WORK ITEM: The full listing, returned exactly and free of pictures, is the expected answer.

SOURCE MATERIAL:
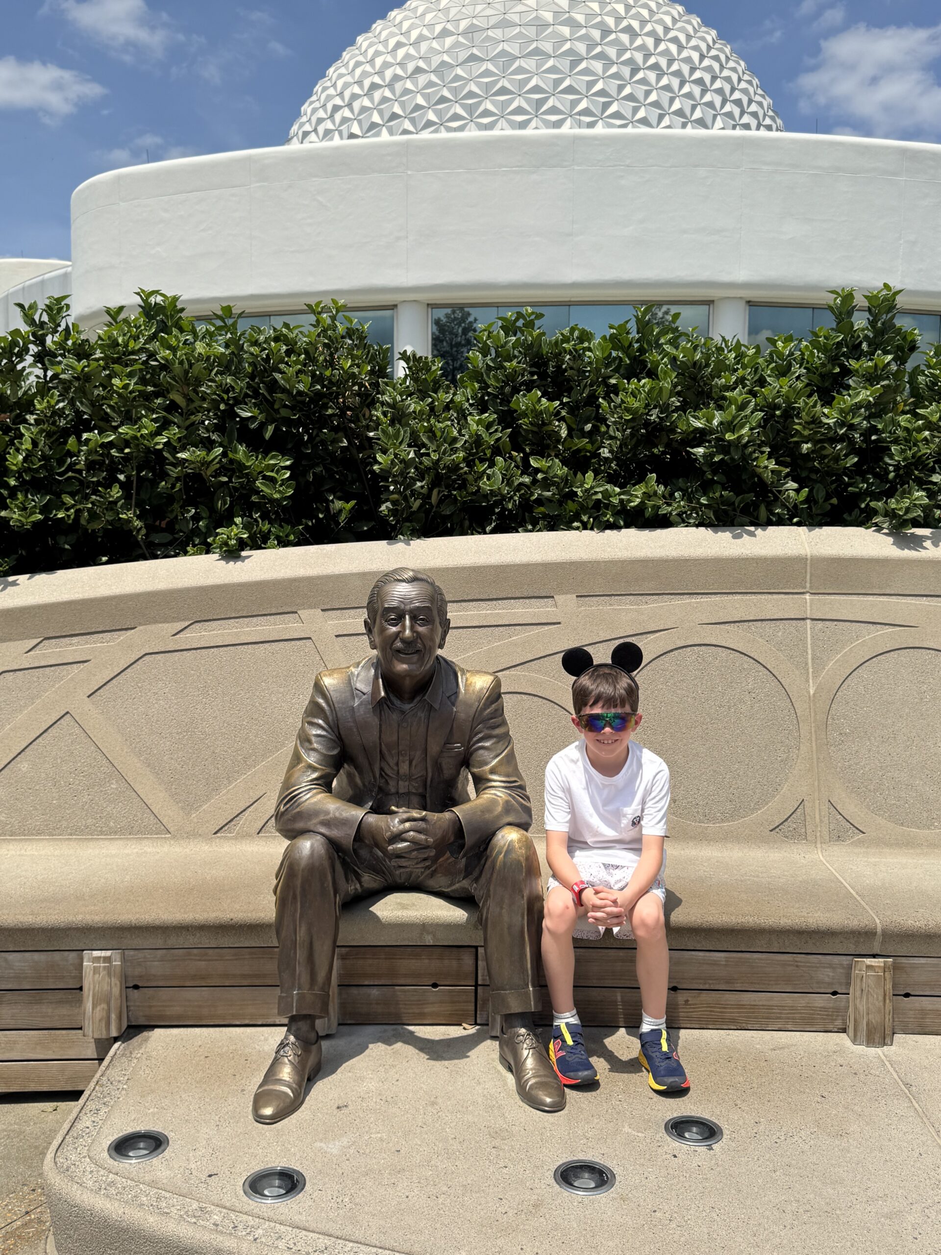 Our first day we did Epcot because that is where the Frozen stuff is and Emma was laser focused on meeting Anna and Elsa. Also they had a princess lunch where she could meet a bunch of the princesses in one swoop and it was easier to book than the Magic Kingdom one (I missed the window on that). Epcot is HUMUNGOUS, I had forgotten, and a ton of walking for the kids with not many rides. We did the Lightning Lane regular passes for this so we pre-booked three rides but our times were really late in the day (5pm +) which sucked with tired little kids. I also spent half the day on my phone trying to re-book ride times and that was a bit stressful. Frozen Ever After and Guardians of the Galaxy (Andrew and Henry’s favorite ride of the entire trip at all three parks) had hour long waits and we did get to skip those long waits, which was worth it. The countries were fun to walk through though, and it was all and all enjoyable but a LONG, very hot day!
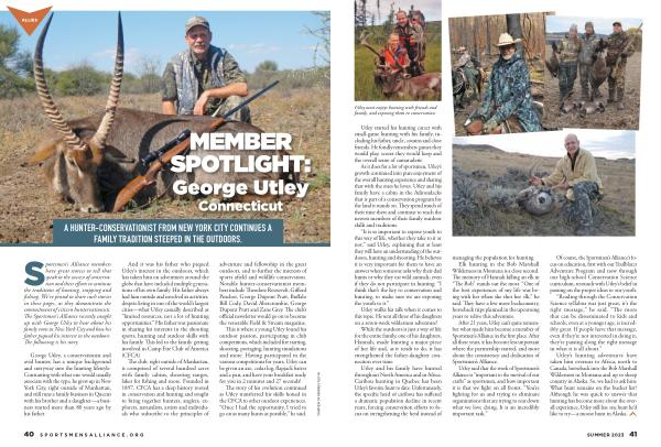 Sportsmen ’ s Alliance members have great stories to tell that speak to the success of conservation and their efforts to continue the traditions of hunting , trapping and fishing . We ’ re proud to share such stories in these pages , as they demonstrate the commitment of citizen huntervationists . The Sportsmen ’ s Alliance recently caught up with George Utley to hear about his family roots in New York City and how his father piqued his interest in the outdoors . The following is his story . George Utley , a conservationist and avid hunter , has a unique background and entryway into the hunting lifestyle . Contrasting with what one would usually associate with the type , he grew up in New York City , right outside of Manhattan , and still runs a family business in Queens with his brother and a daughter — a business started more than 80 years ago by his father .
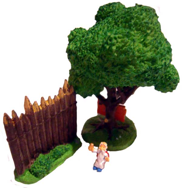 Diese etwa 1,5 cm große Figur von Miraculix beim Bankett aus Metall sowie der Baum der Schule und die Palisade aus Resin erschienen im Rahmen der Sammelserie von Hachette "Das gallische Dorf des Asterix" im Januar 2014 in der Ausgabe 50. Die Sammelserie konnte mit allen Ausgaben (60 Hefte mit etwa 200 Teilen) zu einem Gallierdorf kombiniert werden konnten.
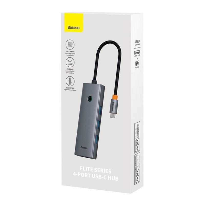 Baseus Flite BS-OH109 4-in-1 USB-C Hub - 3xUSB 3.0, RJ45 Ethernet Port - Space Grau

RESPONSE AREA:
 Our first day we did Epcot because that is where the Frozen stuff is and Emma was laser focused on meeting Anna and Elsa. Also they had a princess lunch where she could meet a bunch of the princesses in one swoop and it was easier to book than the Magic Kingdom one (I missed the window on that). Epcot is HUMUNGOUS, I had forgotten, and a ton of walking for the kids with not many rides. We did the Lightning Lane regular passes for this so we pre-booked three rides but our times were really late in the day (5pm +) which sucked with tired little kids. I also spent half the day on my phone trying to re-book ride times and that was a bit stressful. Frozen Ever After and Guardians of the Galaxy (Andrew and Henry’s favorite ride of the entire trip at all three parks) had hour long waits and we did get to skip those long waits, which was worth it. The countries were fun to walk through though, and it was all and all enjoyable but a LONG, very hot day!
 Sportsmen ’ s Alliance members have great stories to tell that speak to the success of conservation and their efforts to continue the traditions of hunting , trapping and fishing . We ’ re proud to share such stories in these pages , as they demonstrate the commitment of citizen huntervationists . The Sportsmen ’ s Alliance recently caught up with George Utley to hear about his family roots in New York City and how his father piqued his interest in the outdoors . The following is his story . George Utley , a conservationist and avid hunter , has a unique background and entryway into the hunting lifestyle . Contrasting with what one would usually associate with the type , he grew up in New York City , right outside of Manhattan , and still runs a family business in Queens with his brother and a daughter — a business started more than 80 years ago by his father .
 Diese etwa 1,5 cm große Figur von Miraculix beim Bankett aus Metall sowie der Baum der Schule und die Palisade aus Resin erschienen im Rahmen der Sammelserie von Hachette "Das gallische Dorf des Asterix" im Januar 2014 in der Ausgabe 50. Die Sammelserie konnte mit allen Ausgaben (60 Hefte mit etwa 200 Teilen) zu einem Gallierdorf kombiniert werden konnten.
 Baseus Flite BS-OH109 4-in-1 USB-C Hub - 3xUSB 3.0, RJ45 Ethernet Port - Space Grau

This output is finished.